Violent Felony Conviction Not Absolute Bar to Prop. 36 Sentence—C.A.


By a MetNews Staff Writer


A defendant arrested on a drug charge less than five years after being released from prison pursuant to a serious or violent felony conviction may be placed in a treatment program under Proposition 36, this district’s Court of Appeal ruled yesterday.

Div. Seven yesterday overturned Ronald Varnell’s 16-month prison sentence based on a methamphetamine arrest in May of last year. The case was sent back to the Superior Court for reconsideration of a defense request that the prior-conviction allegation be stricken to enable Varnell to qualify for Proposition 36 disposition.

Under the initiative approved by voters in November, a defendant charged with simple possession of a controlled substance is entitled to be placed and probation and assigned to a treatment program, unless an exception applies.
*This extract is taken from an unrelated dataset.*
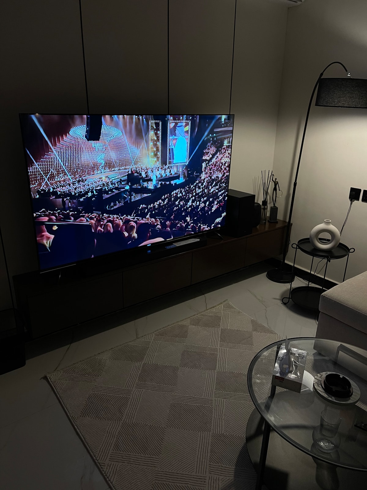 Un apartamento moderno diseñado para una estancia excepcional, situado en uno de los mejores barrios de Riad con unas vistas impresionantes de KAFD. Cuenta con una zona de estar al aire libre con pantalla y proyector para disfrutar de las noches. Para tu comodidad, la cama incluye una capa adicional de 14 cm de alta calidad. «También ofrecemos servicios de coordinación de eventos para ocasiones especiales (incluyendo pasteles y accesorios) por una tarifa adicional con reserva previa, lo que garantiza una experiencia inolvidable»

One exception is that “[n]otwithstanding any other provision of law,” a defendant with a prior serious or violent felony conviction does not qualify unless a “wash-out” provision applies.

That provision makes Proposition 36 applicable if the new offense was committed more than five years after the defendant’s release from custody and there has been no intervening conviction for a felony or a violent misdemeanor.

In Varnell’s case, the district attorney argued that he could not qualify under Proposition 36 because he was previously convicted of assault with a deadly weapon and was not released from prison until 1998. Varnell’s lawyer contended that the trial judge could strike the prior, in furtherance of justice, under Penal Code Sec. 1385.

Los Angeles Superior Court Judge Joan Comparet-Cassani ruled that the prior could be stricken for purposes of the three-strikes law, thus sparing Varnell from a doubled prison term, but not for Proposition 36 purposes. She sentenced the defendant to prison for the low term, denying bail pending appeal but encouraging the defense to take a “hot writ” if it wanted to test her ruling.

Div. Seven yesterday granted the writ.

“For more than a century, section 1385 has empowered trial courts to dismiss an action, sentencing allegation, or enhancement in furtherance of justice,” Justice Dennis Perluss wrote.  “Recognizing the fundamental role section 1385 plays in California criminal jurisprudence, our Supreme Court has instructed repeatedly that penal statutes, whether adopted by legislative act or voter initiative, coexist with section 1385 and will not be interpreted to abrogate that power in the absence of clear legislative or voter direction.”

Nothing in the language or history of Proposition 36, the justice said, indicates any clear intent to render Sec. 1385 inapplicable to the initiative.

Perluss  rejected the suggestion that Proposition 36 renders Sec. 1385 inapplicable o serious and violent felons by reason of the “notwithstanding” language. He cited the state Supreme Court’s Romero decision, which allowed the use of Sec. 1385 in three-strikes cases, despite similar language in that law.

Deputy Public Defenders Albert J. Menaster, Alice McVicker and Alex Ricciardulli represented Varnell in the Court of Appeal. Supervising Deputy Attorneys General Marc E. Turchin and Marc J. Nolan represented the state.

The case is In re Varnell, 02 S.O.S. 195.